Now try turning the other way. Repeat.
- Stroke only
your shaft, ignoring the head, which will swell and turn red. When it's bright
red and rock hard, stimulate it gently with your fingers.
- Lightly and
slowly run a finger up the under side of your cock, gently pinching the sensitive
vein underneath.
- Here's a complicated
move from The Society for Human Sexuality: Take the penis in both hands, fingers
lightly touching the sides of the shaft. In order to visualize the position,
think of yourself holding a clarinet. Now flick the penis back and forth between
your two hands by holding on to the loose skin of the shaft. Shuttling it
back and forth in this manner may not seem incredibly thrilling at
first, but pretty soon, as it builds up momentum, it will drive you out of
your mind. Orgasms encountered via this method are sometimes messy, but always
memorable.
If you've mastered
these techniques and would like to try something different, consider purchasing an
erection ring,
which will delay and enhance your orgasm. You might also experiment
with sex toys for men, such as
penis pumps,
virtual sheaths,
masturbators and
extenders.
Try different kinds of
lubrication,
such as oil, water or
silicone-based lubes.
Start a collection of adult videos, magazines and other "inspirational"
materials. Try masturbating with a pillow or other soft substance. Your possibilities
are really limitless.
Partner Masturbation
Once you and your partner have reached a level of intimacy that allows both
of you to feel comfortable discussing solo sex, you might enjoy practicing masturbation
together, either on yourselves (mutual masturbation) or on one another (also known as genital massage).

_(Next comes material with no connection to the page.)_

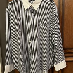 Snygg skjorta marinblå - vit strl XL
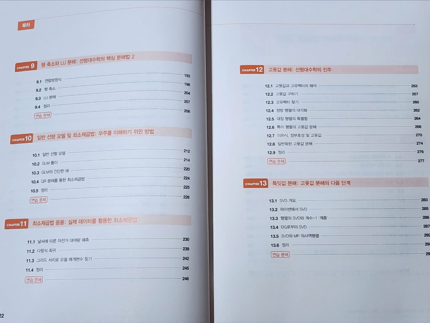 총 15개의 챕터로 구성된 이 책은 14개의 챕터에서 벡터와 행렬, 최소제곱법과 고윳값 분해, 특잇값 분해를 설명한다. 부록 A로 표현된 마지막 챕터에서 파이썬의 기본을 요약 정리 함으로써 파이썬 활용이 능숙하지 않은 독자들도 책에서 구현하는 코드를 이해하기 쉽게 안내한다.

Before you begin, discuss your upcoming experience. Find out if your partner
would prefer to masturbate in front of you, or just massage your genitals. Always
respect his or her wishes. There's plenty of time to try different things later
on in your relationship. When you're both on the same wavelength about what
you want, jump in and get started. Make an event of the experience: create a
sensual, appealing environment in your bedroom by lighting candles, playing
sensual music and showering together first. Relax on the bed and try any of
the techniques described above. Don't focus on climaxing or giving your partner
an orgasm. Just enjoy the experience and concentrate on finding the strokes
that work best for both of you.
Whatever your preferences,
remember to vary your masturbation techniques. While it's great to know how to bring
yourself to orgasm in 30 seconds or less, you're going to have a much more enjoyable
experience if you romance yourself a little bit first. Take the time to have
fun ... don't be "goal oriented." And do try a different stroke now
and then. Just because one stimulation works well for you, doesn't mean something
else won't feel great too!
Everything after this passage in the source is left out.